Le 18 février 2018, la Cour supérieure du Québec maintenait un jugement de culpabilité envers une entreprise, en tant qu’employeur, parce qu’un travailleur ne s’était pas protégé contre les chutes alors qu’il était exposé à une chute de plus de trois mètres.
Cette décision a eu un impact important, car la défenderesse plaidait une exonération basée sur la notion « d’employeur momentané ».
Retour sur les faits
Le 17 avril 2012, Rénovations Olymbec inc. (ci-après Olymbec) communique avec Matériaux Économiques Inc. (ci-après MEI) afin de louer des travailleurs pour des travaux de sciage de béton sur un chantier dont elle est maître d’œuvre.
MEI, qui agit habituellement à titre d’entrepreneur spécialisé, convient de louer deux de ses travailleurs à Olymbec, et les parties acceptent que la responsabilité de la surveillance de ce chantier soit assumée par Olymbec. Elle accepte ainsi les travaux selon un tarif horaire comprenant l’équipement et la main-d’œuvre.
Ainsi, les travailleurs de MEI rencontrent un superviseur chez Olymbec, qui leur donne les directives quant aux travaux à effectuer, et ce dernier quitte le chantier pour ne revenir que plusieurs heures plus tard. Après quoi, les travailleurs de MEI commencent leurs travaux. Un des travailleurs ne s’attache pas avec le harnais disponible et ne se protège pas contre le risque de chute. Aucun responsable chez Olymbec ou MEI n’est alors présent sur les lieux.

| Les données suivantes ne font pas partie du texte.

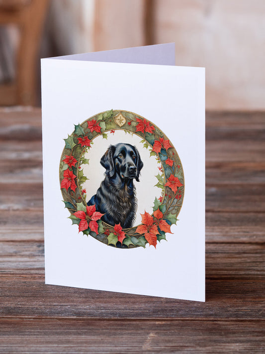Flat-Coated Retriever Christmas Flowers Greeting Cards Pack of 8

Malheureusement, le travailleur non attaché perd pied et fait une chute de plus de trois mètres, s’infligeant alors de graves blessures. Arrivés sur place, les inspecteurs de la Commission des normes, de la santé et de la sécurité du travail (CNESST) en viennent à la conclusion que les blessures résultent directement de l’accident.
Verdict et arguments
Olymbec et MEI ont toutes les deux été poursuivies (Olymbec à titre de maître d’œuvre et MEI à titre d’employeur), et déclarées coupables. Seule MEI en a appelé du verdict.
L’argumentation principale de MEI reposait sur la notion d’employeur. En ayant prêté sa main-d’œuvre à Olymbec, MEI argumente qu’Olymbec devenait « l’employeur momentané » des travailleurs et qu’elle aurait donc dû être exonérée de sa responsabilité pénale.

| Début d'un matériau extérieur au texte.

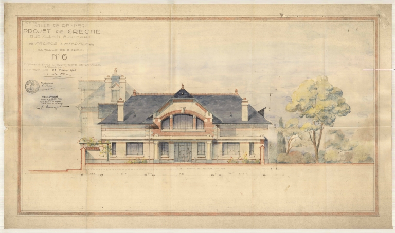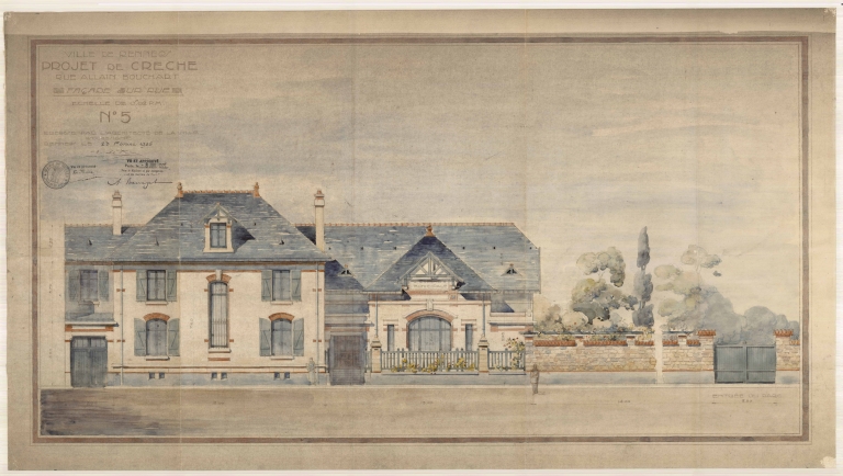 Depuis la fin du 19e siècle, la France développe une politique hygiéniste qui se traduit notamment par la construction de piscines, bains-douches et de crèches. La municipalité rennaise fait ainsi construire quatre crèches de 1902 à 1934, dont celle de la rue Alain-Bouchard, la troisième construite par la ville. Le choix du terrain est particulièrement judicieux puisque le bâtiment se trouve à côté d´un parc et d´une école de filles, tous deux récemment construits. De plus, la population ouvrière des habitations à bon marché situées près de la rue de Nantes peut ainsi disposer d´une nouvelle crèche qui manquait dans ce quartier populaire en plein essor situé entre la voie ferrée et le boulevard Jacques-Cartier.

Malheureusement pour MEI, ce n’est pas ainsi que la juge de première instance ni la Cour supérieure n’ont vu la situation. Elles se sont plutôt rangées du côté des arguments de la CNESST, laquelle reconnaissait qu’Olymbec avait peut-être le statut « d’employeur momentané » au moment des événements, mais que le lien d’emploi qui reliait MEI et ses travailleurs faisait en sorte que la présomption de responsabilité d’un employeur sous l’article 239 de la Loi sur la santé et la sécurité du travail devait trouver application, à moins, dans ce cas-ci, que MEI ait démontré que l’infraction ait été commise à son insu, sans son consentement, et qu’elle ait agi avec diligence raisonnable pour empêcher la commission de l’infraction.
Or, MEI n’a jamais contesté, en première instance, qu’elle n’avait pas formé ses travailleurs, ni assuré aucune surveillance de leur travail et, en plus, avait fourni un équipement de travail défectueux. Ainsi, le juge de première instance a conclu que MEI n’avait pas agi avec diligence raisonnable.
La Cour supérieure fut d’avis que le juge de première instance a eu raison de conclure que l’appelante devait assurer à ses employés une formation continue et adéquate sur les méthodes de travail utilisées en présence de risques plus importants. MEI aurait aussi dû fournir l’équipement de sécurité nécessaire à leur protection tout en assurant qu’il soit conforme aux normes prescrites.
Ce n’est qu’en se conformant à toutes ces obligations qu’un employeur peut s’exonérer de sa responsabilité, et il doit le faire avant de déployer ses travailleurs sur un chantier où il n’assurera ni la surveillance ni la direction des travaux.